Cocaine comes from the leaves of the South American coca plant, and has been used for over a thousand years.

In modern times, it’s become a popular “party drug” because cocaine reduces inhibitions and creates a feeling of euphoria or pleasure; this feeling lasts between fifteen and ninety minutes, depending on how the drug’s it’s administered.

Around 18 million people worldwide use cocaine, and because of its strong potential for addiction and overdose, the drug is heavily regulated in many countries.

To understand how cocaine works, let’s zoom into one of the synapses of the brain.

Normally, electrical signals, or action potentials, travel down the axon to the axon terminal, where they trigger the release of chemical messengers called neurotransmitters from synaptic vesicles into the synapse.

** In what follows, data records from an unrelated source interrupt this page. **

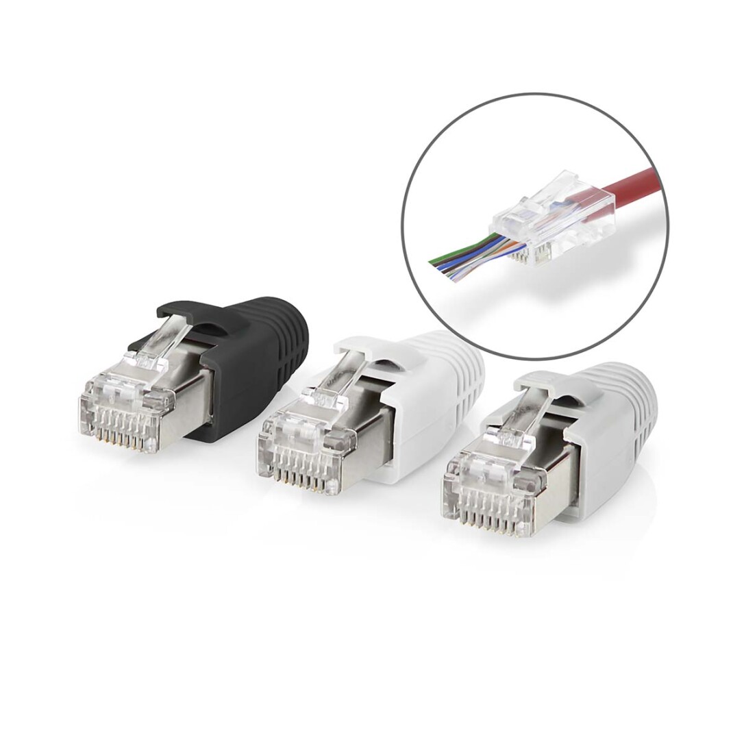 Nedis RJ45-Stecker / RJ45 Pass Through / Festes/verseiltes FTP CAT6a / Gerade / Vergoldet / 10 Stück / Polycarbonate / Grau / Schwarz / Weiss / Box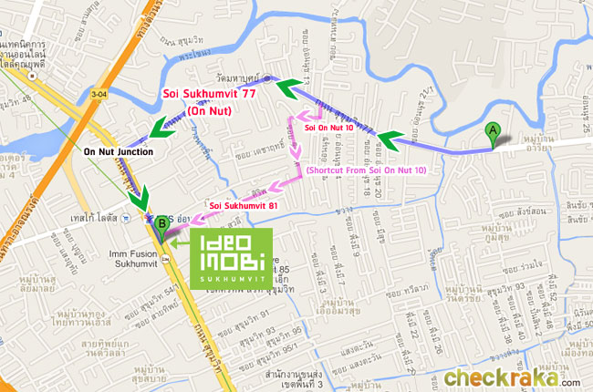 สำหรับการเดินทางด้วยรถไฟฟ้า สามารถเดินไปขึ้นรถไฟฟ้าได้ที่รถไฟฟ้า BTS สถานีอ่อนนุช (ห่างจากโครงการประมาณ 32 เมตร) (ดูเส้นทางการเดินรถได้จากแผนที่รถไฟฟ้าด้านล่าง) (We can travel by skytrain by walking to and from BTS On-Nut Station (about 32 meters away))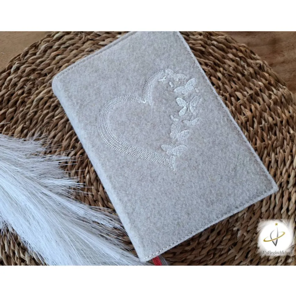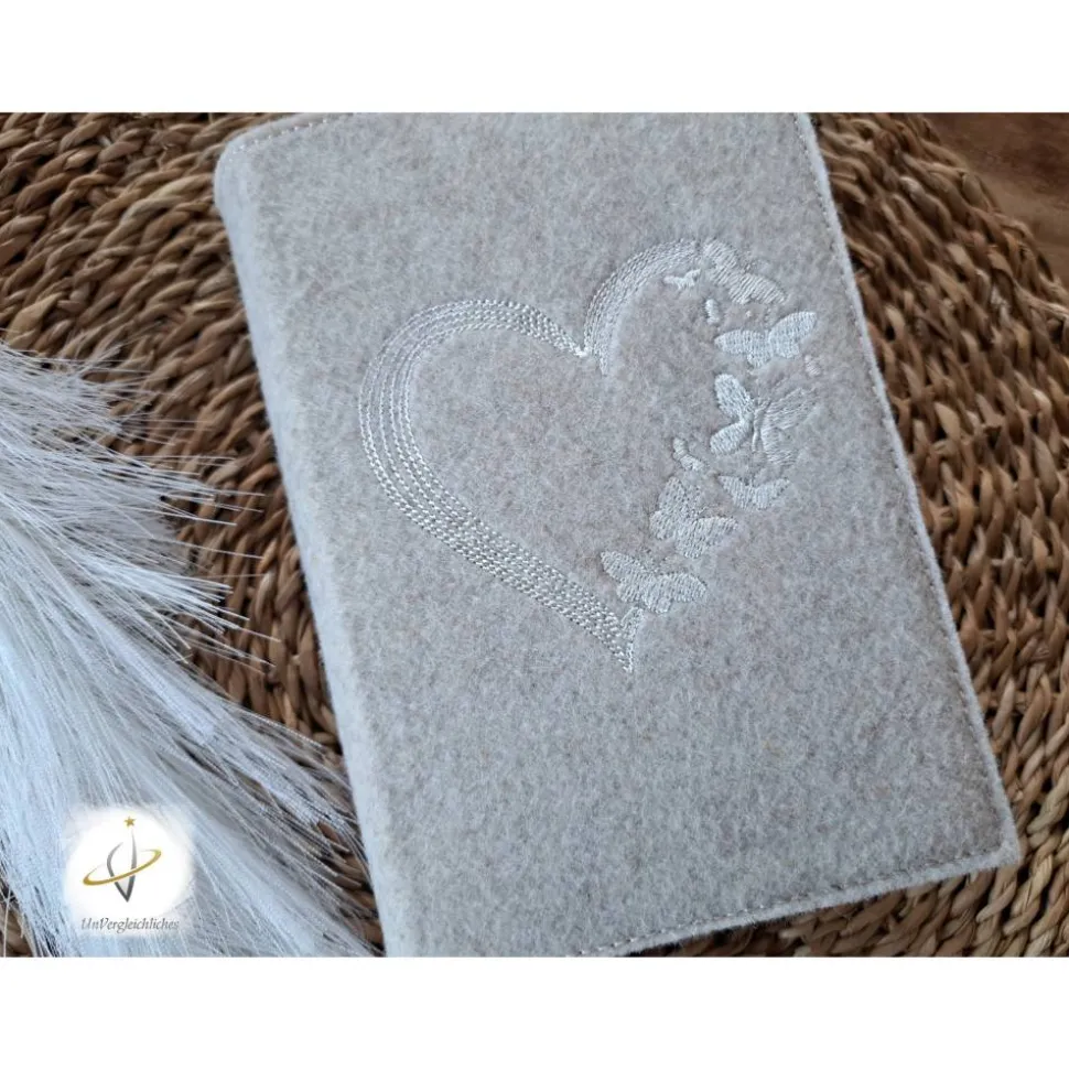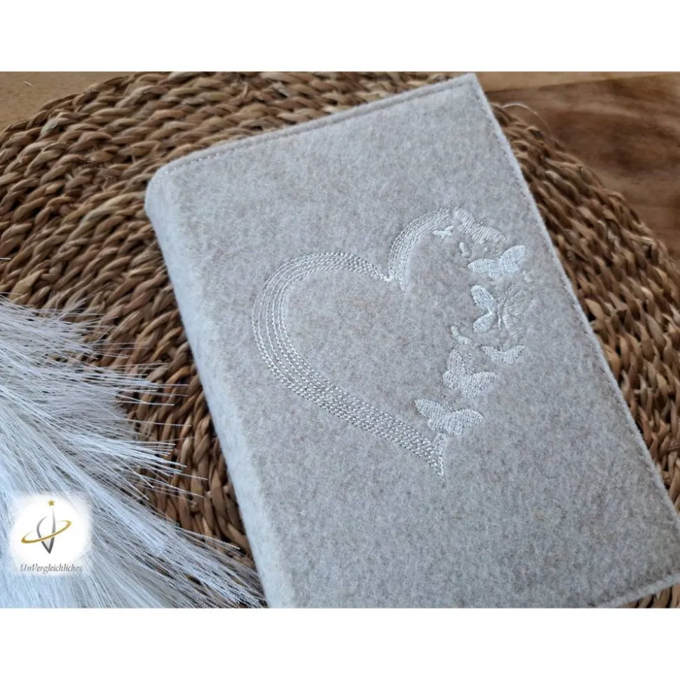 Die Hülle kann individuell mit dem Namen des Kindes und dem Datum der Erstkommunion gestaltet werden, was sie zu einem ganz besonderen Andenken an diesen wichtigen Tag macht. Die Bestickung erfolgt auf der Vorderseite der Hülle und wird mit modernster Technologie präzise und dauerhaft in den Filz eingearbeitet.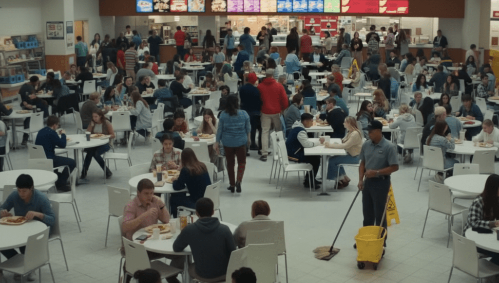 The Saturday afternoon food court buzzed with weekend shoppers. Emma sat across from Tyler at their usual table, picking at her fries.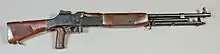 A variant known as the FN Mle 1930 was developed in 7.65×53mm Belgian Mauser by FN Herstal and adopted by the Belgian army. The Mle 1930 is basically a licensed copy of the Colt Automatic Machine Rifle, Model 1925 (R 75).[31] The Mle 1930 has a different gas valve and a mechanical rate-reducing fire control mechanism designed by Dieudonné Saive, located in the trigger guard-pistol grip housing.[31] Some of these FN rate reducer mechanisms and pistol grip housings were later purchased by Springfield Armory for evaluation and possible adoption on a replacement for the M1918.[18] The weapon also had a hinged shoulder plate and was adapted for use on a tripod mount. In 1932 Belgium adopted a new version of the FN Mle 1930 allocated the service designation FN Mle D (D—demontable or "removable"), which had a quick-change barrel, shoulder rest and a simplified take-down method for easier cleaning and maintenance.[32] The Mle D was produced even after World War II in versions adapted for .30-06 Springfield (for Belgian service) and 7.92×57mm Mauser ammunition (for Egyptian service).[25] The final variant in Belgian service was the Model DA1 chambered for the 7.62×51mm NATO cartridge and feeding from the 20-round magazines for the FN FAL battle rifle.[32]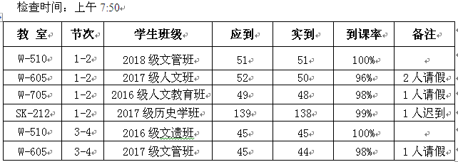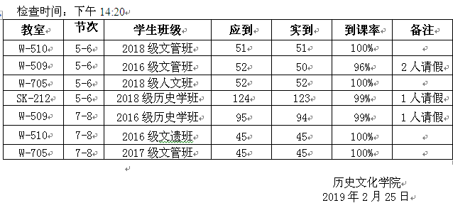 为进一步规范教学管理,维护正常教学秩序,确保教学工作顺利开展,2019年2月25日,我院教学自查小组对上课班级师生到课情况进行了检查,现通报如下:

The neurotransmitters travel across the synapse and bind to receptors on the postsynaptic neuron, where they give the cell a message.

After the neurotransmitters have done their job, they unbind from the receptors, and can just diffuse away, get degraded by enzymes, or get picked up by proteins and returned to their release site in a process called reuptake.

Cocaine increases the release of certain neurotransmitters, but it’s biggest effect is blocking reuptake receptors on presynaptic axon terminals.

Both of these actions keep neurotransmitters like dopamine, norepinephrine, and serotonin in the synapse longer, increasing their effects.

For example, increased concentrations of dopamine in the brain’s reward pathway (which includes the nucleus accumbens, ventral tegmentum, and prefrontal cortex) produce intense feelings of euphoria, pleasure, and the emotional “high” associated with cocaine.